* GIVEN RECORDS:
....................

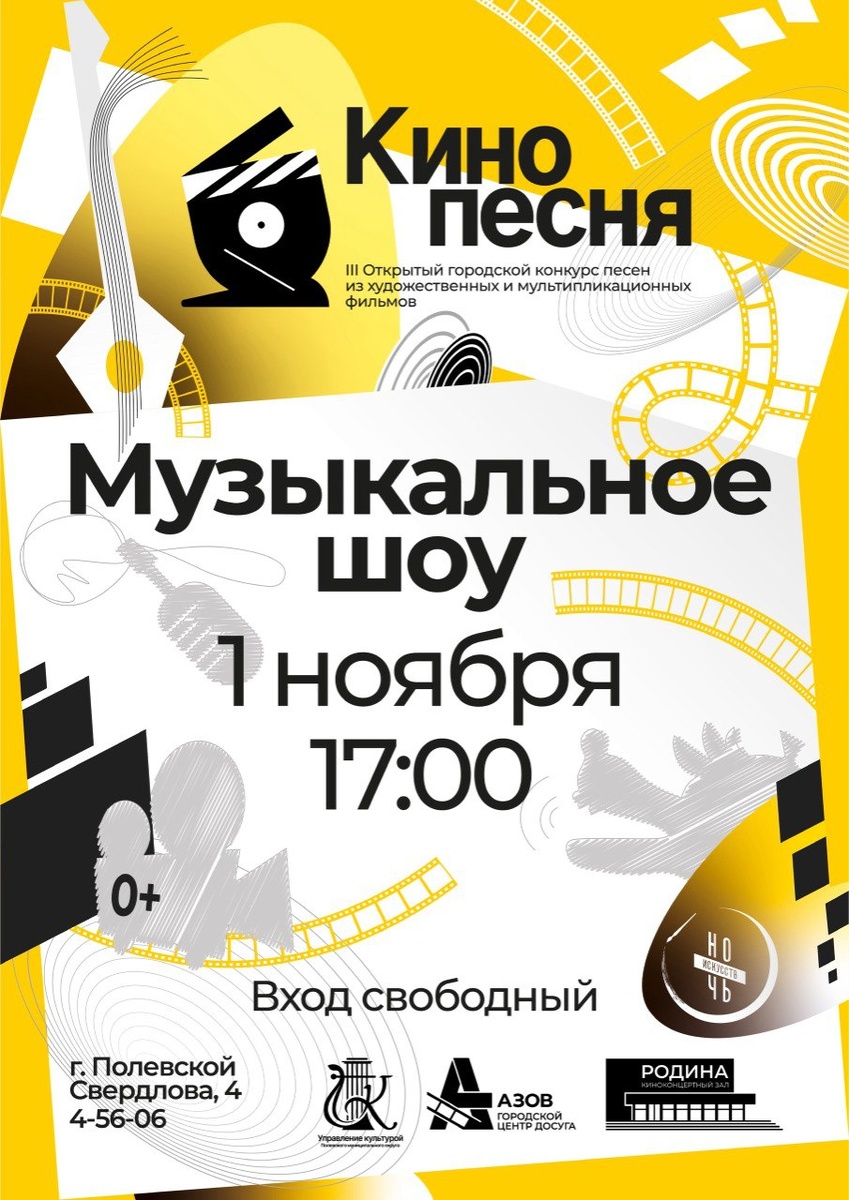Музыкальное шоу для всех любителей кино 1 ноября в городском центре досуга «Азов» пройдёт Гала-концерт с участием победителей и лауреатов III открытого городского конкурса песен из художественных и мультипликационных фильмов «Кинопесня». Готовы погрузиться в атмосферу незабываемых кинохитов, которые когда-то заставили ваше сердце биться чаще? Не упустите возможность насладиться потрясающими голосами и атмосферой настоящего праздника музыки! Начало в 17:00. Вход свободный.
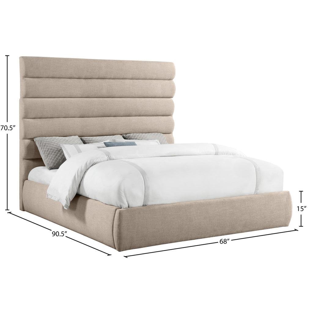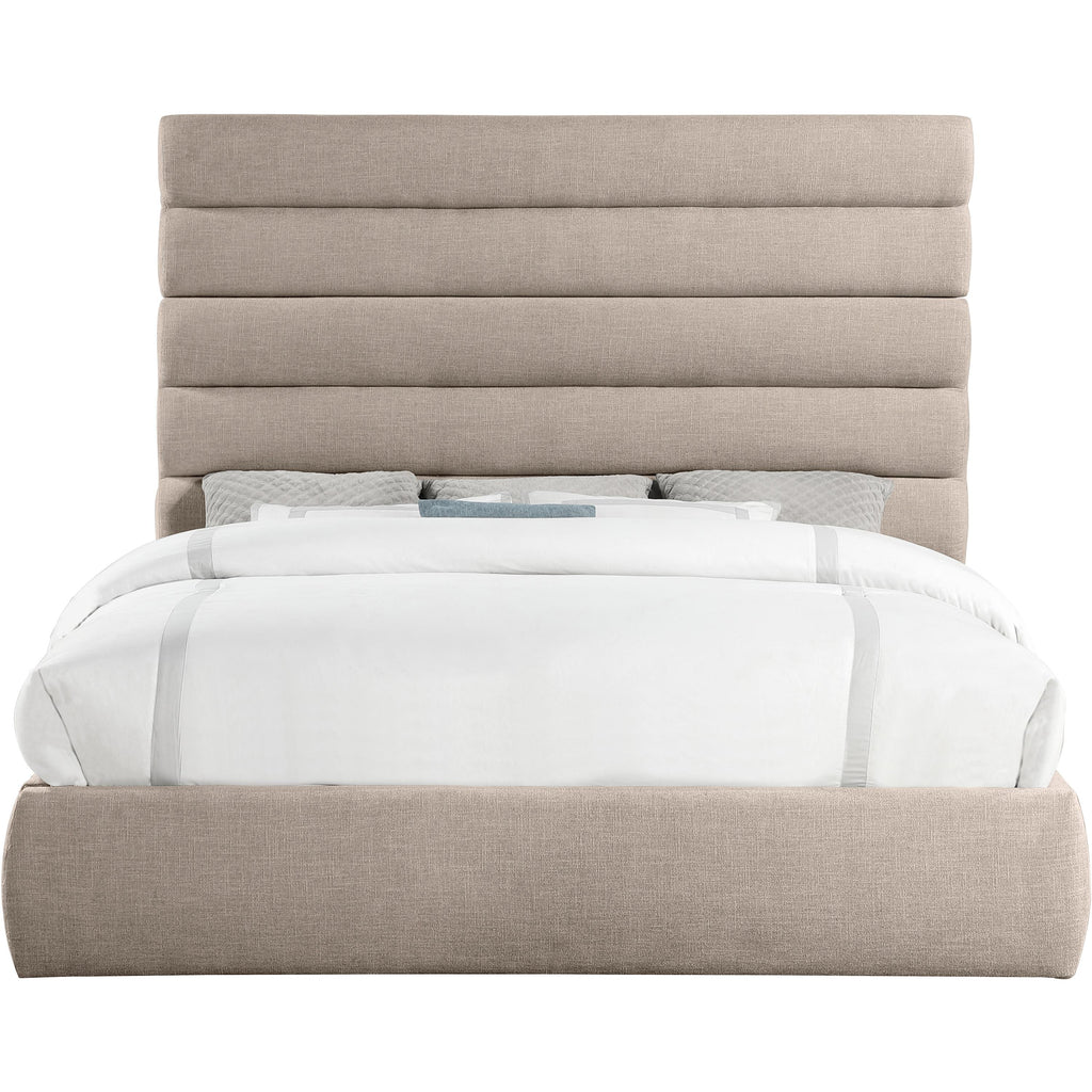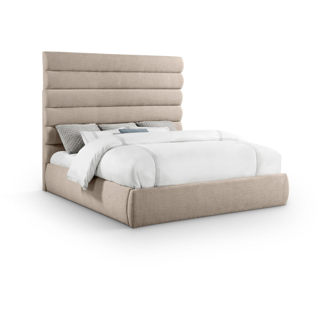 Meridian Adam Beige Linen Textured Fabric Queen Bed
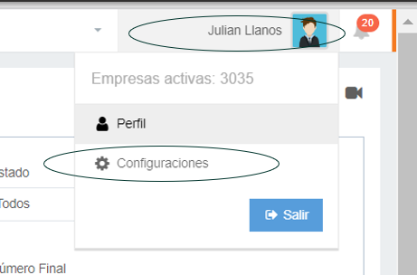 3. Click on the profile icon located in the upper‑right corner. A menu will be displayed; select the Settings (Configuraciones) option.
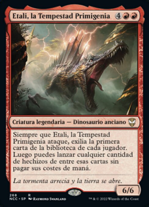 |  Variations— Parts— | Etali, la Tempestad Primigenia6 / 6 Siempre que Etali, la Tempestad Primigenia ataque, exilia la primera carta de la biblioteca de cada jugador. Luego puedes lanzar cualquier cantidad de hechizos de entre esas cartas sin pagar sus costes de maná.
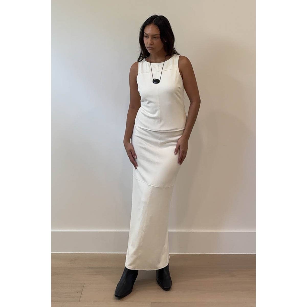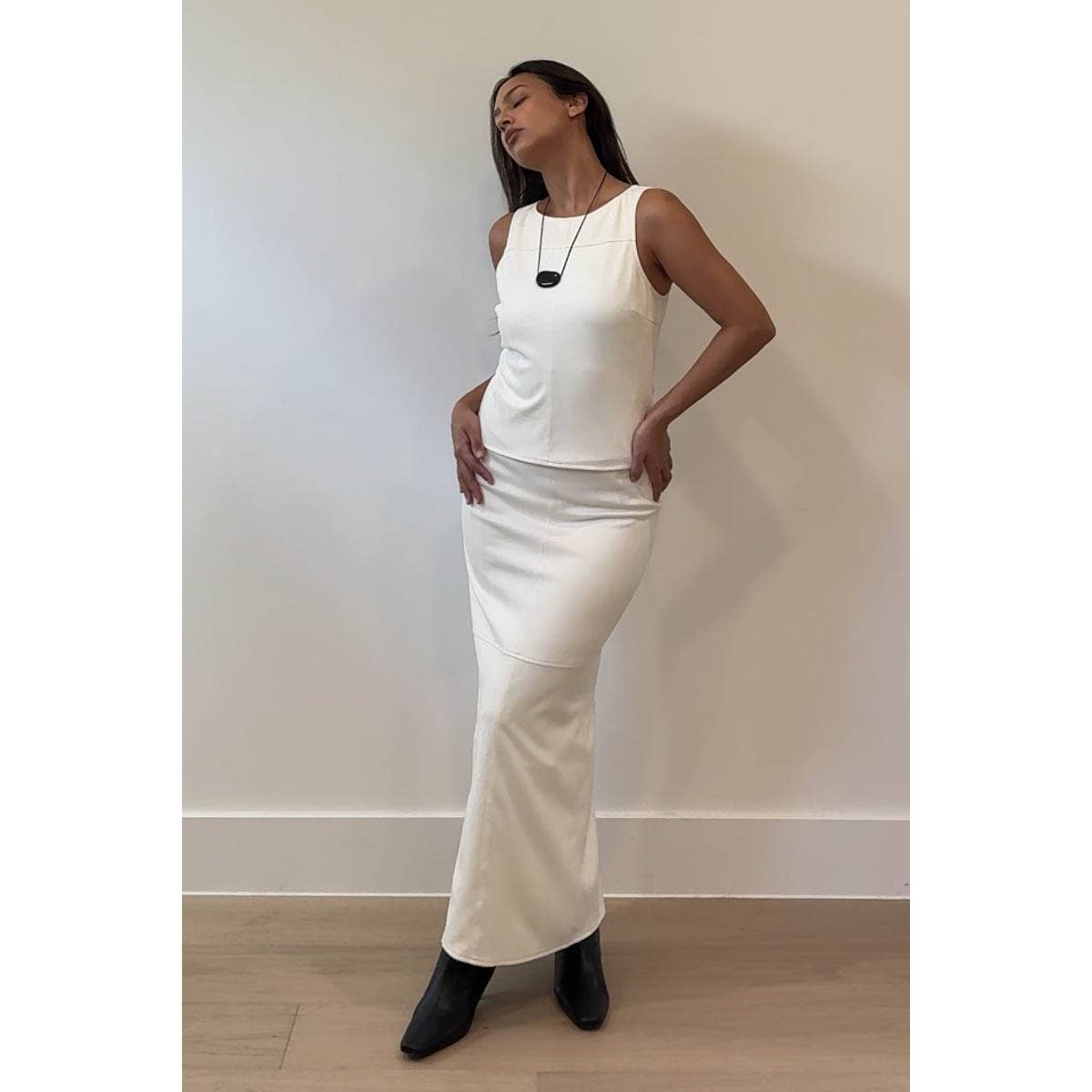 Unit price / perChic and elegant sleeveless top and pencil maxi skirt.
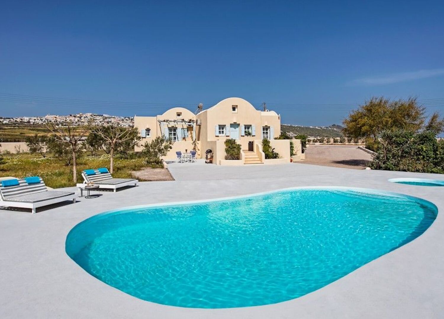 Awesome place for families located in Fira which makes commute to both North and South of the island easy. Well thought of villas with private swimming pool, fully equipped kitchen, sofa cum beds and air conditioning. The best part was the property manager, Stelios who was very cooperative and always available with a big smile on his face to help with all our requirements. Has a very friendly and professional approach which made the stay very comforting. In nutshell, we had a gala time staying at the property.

....................

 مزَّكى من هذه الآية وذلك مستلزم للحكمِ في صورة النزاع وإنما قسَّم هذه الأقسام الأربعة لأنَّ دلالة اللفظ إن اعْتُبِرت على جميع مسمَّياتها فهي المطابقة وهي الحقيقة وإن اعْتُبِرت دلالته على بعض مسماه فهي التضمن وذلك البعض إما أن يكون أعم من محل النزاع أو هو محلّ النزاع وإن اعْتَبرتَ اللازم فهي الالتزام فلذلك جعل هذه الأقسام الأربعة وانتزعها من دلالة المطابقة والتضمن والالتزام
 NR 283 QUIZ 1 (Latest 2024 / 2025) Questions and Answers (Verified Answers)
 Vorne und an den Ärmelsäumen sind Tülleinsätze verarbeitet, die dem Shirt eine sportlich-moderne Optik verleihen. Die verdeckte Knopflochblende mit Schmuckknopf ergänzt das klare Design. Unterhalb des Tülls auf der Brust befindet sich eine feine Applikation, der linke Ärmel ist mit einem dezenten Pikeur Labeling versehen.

....................

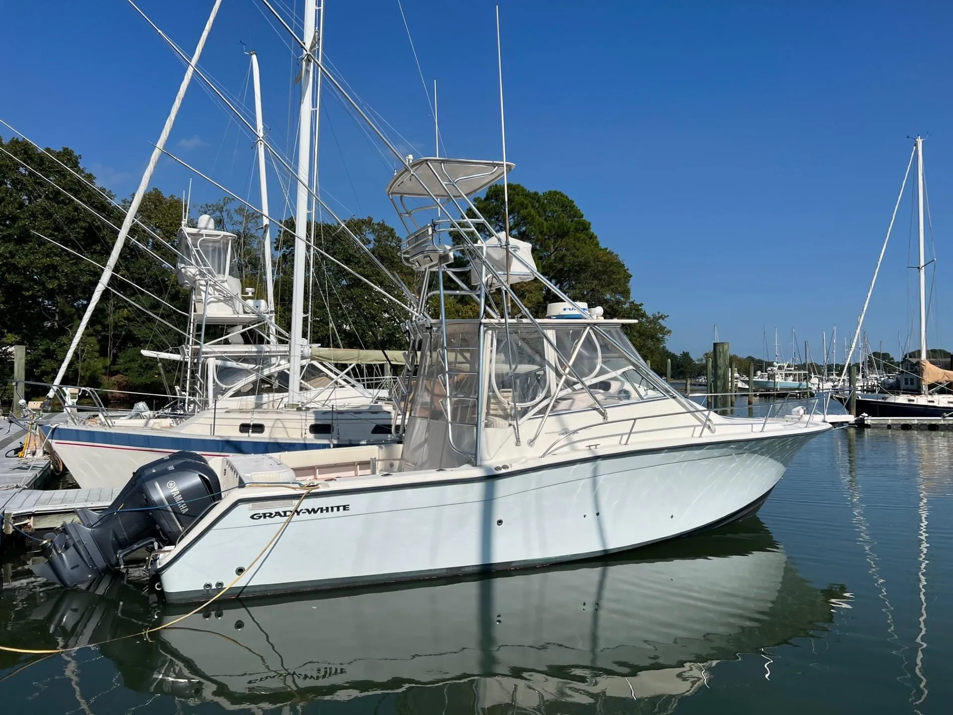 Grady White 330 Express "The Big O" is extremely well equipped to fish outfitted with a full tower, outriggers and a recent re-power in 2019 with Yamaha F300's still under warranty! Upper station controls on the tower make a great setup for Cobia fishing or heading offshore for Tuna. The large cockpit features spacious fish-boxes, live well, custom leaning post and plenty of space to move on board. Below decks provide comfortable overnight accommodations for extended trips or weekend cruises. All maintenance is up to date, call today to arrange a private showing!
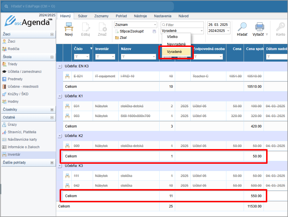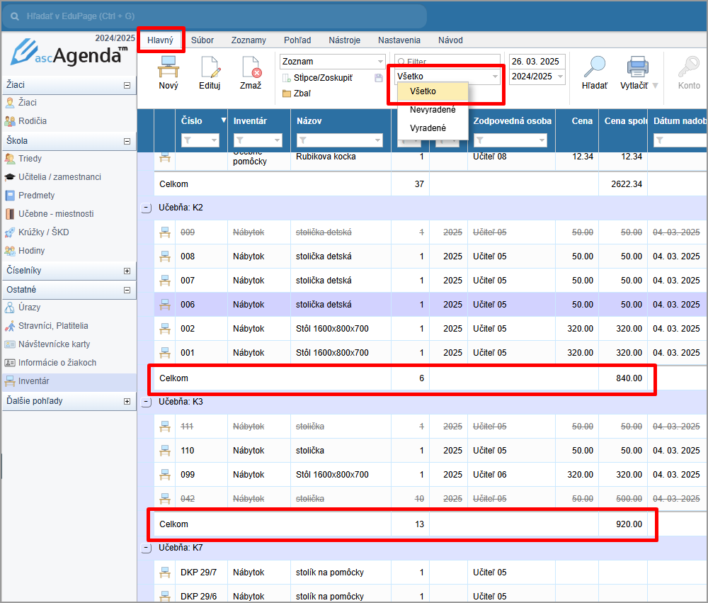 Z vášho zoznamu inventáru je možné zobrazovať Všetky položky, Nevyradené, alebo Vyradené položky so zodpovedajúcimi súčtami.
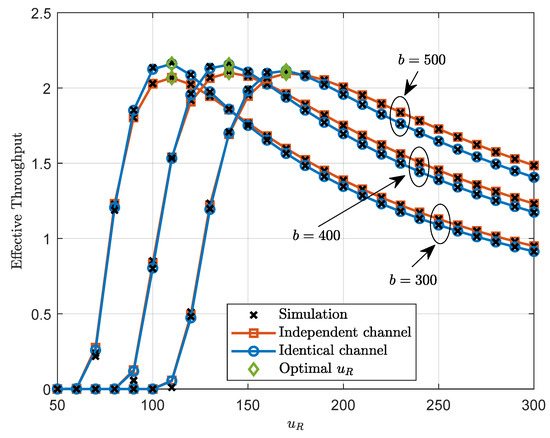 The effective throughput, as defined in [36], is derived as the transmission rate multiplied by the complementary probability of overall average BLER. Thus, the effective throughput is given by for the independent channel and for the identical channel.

....................

* DIRECTIONS FOR THIS TASK: A verbatim reproduction is expected: starting at the line above that has "Музыкальное шоу для", ending at the line that has "costes de maná.", both included, and with no pictures and no other lines.

* REPLY TO THE TASK:
Музыкальное шоу для всех любителей кино 1 ноября в городском центре досуга «Азов» пройдёт Гала-концерт с участием победителей и лауреатов III открытого городского конкурса песен из художественных и мультипликационных фильмов «Кинопесня». Готовы погрузиться в атмосферу незабываемых кинохитов, которые когда-то заставили ваше сердце биться чаще? Не упустите возможность насладиться потрясающими голосами и атмосферой настоящего праздника музыки! Начало в 17:00. Вход свободный.
 Meridian Adam Beige Linen Textured Fabric Queen Bed
 3. Click on the profile icon located in the upper‑right corner. A menu will be displayed; select the Settings (Configuraciones) option.
 |  Variations— Parts— | Etali, la Tempestad Primigenia6 / 6 Siempre que Etali, la Tempestad Primigenia ataque, exilia la primera carta de la biblioteca de cada jugador. Luego puedes lanzar cualquier cantidad de hechizos de entre esas cartas sin pagar sus costes de maná.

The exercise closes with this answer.